This is a submission for the Gemma 4 Challenge: Write About Gemma 4
When Google dropped Gemma 4 in April 2025, my first reaction was skepticism. We have seen "open" models before that came with so many restrictions they were barely usable. Then I read the license: Apache 2.0. Download it, fine-tune it, ship it commercially, no strings attached. That got my attention.
I spent a weekend running experiments with it and want to share what I found, especially for developers who are trying to figure out which model in the Gemma 4 family is worth their time.
What Is Gemma 4, Actually?
Gemma 4 is Google DeepMind's fourth generation of open-weight models. It comes in four sizes: E2B, E4B, 12B, and 27B (the 27B is actually a 26B Mixture of Experts model). The E prefix stands for Edge, meaning those two smaller models are built specifically to run on phones and laptops.
A few things make this generation genuinely different from what came before:
Native multimodality. Every model in the family handles text and images. The two edge models (E2B and E4B) also understand audio natively. This is not a plugin or an adapter bolted on after training. It is baked in.
Context window. The small models support 128K tokens. The medium models go up to 256K. For reference, that is longer than most novels.
Thinking mode. All four models have configurable reasoning, similar to chain-of-thought but built into the instruction-tuned variants. You can toggle how much "thinking" the model does before answering.
Function calling. Built in from the start, not added later. This matters a lot if you are building agents.
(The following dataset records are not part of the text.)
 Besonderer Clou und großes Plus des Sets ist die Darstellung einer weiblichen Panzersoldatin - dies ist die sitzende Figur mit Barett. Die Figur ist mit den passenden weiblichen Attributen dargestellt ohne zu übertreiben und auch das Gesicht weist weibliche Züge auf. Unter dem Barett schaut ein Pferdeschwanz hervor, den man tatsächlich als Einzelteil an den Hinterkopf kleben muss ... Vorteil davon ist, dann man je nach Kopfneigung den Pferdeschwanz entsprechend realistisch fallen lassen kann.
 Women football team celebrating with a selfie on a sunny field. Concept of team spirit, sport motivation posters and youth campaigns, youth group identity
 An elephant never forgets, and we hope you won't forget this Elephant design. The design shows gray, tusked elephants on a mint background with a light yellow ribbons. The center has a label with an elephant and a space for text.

The 27B model uses a Mixture of Experts architecture, which means it has ~26 billion parameters total but only activates about 3.8 billion per token. In practice, it runs more like a 4B model in terms of compute cost while retaining the knowledge capacity of something much larger.
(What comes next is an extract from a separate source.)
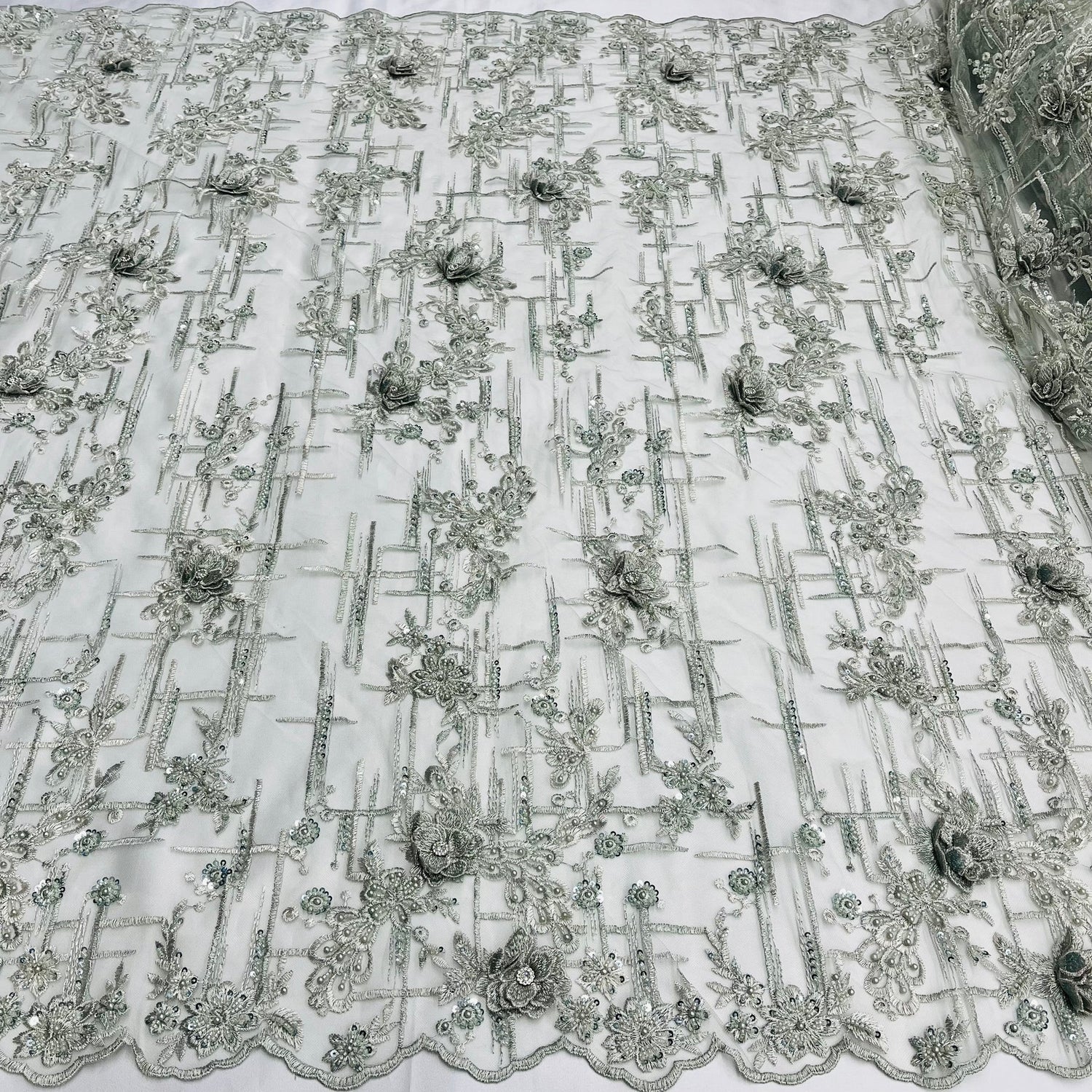 1 Yard Beaded Rhinestone 3D Floral Lace Fabric Embroidered 100 Percent Polyester Net Mesh 50 inch Width

Choosing the Right Variant
Here is how I think about which model to reach for:
| Model | Best For |
|---|---|
| E2B | Mobile apps, edge devices, fast batch inference |
| E4B | On-device with richer capability, local dev |
| 12B | Most fine-tuning tasks, single GPU research |
| 27B (MoE) | Production, complex reasoning, agentic workflows |
For my experiment, I used E4B because it is the sweet spot for fine-tuning on consumer hardware. It is small enough to load with 4-bit quantization on a 16GB GPU but capable enough to actually learn something useful.
The Experiment: Teaching It to Read Emotions
I fine-tuned Gemma 4 E4B-it on the dair-ai/emotion dataset from Hugging Face. The task: classify text into one of six emotions (sadness, joy, love, anger, fear, surprise).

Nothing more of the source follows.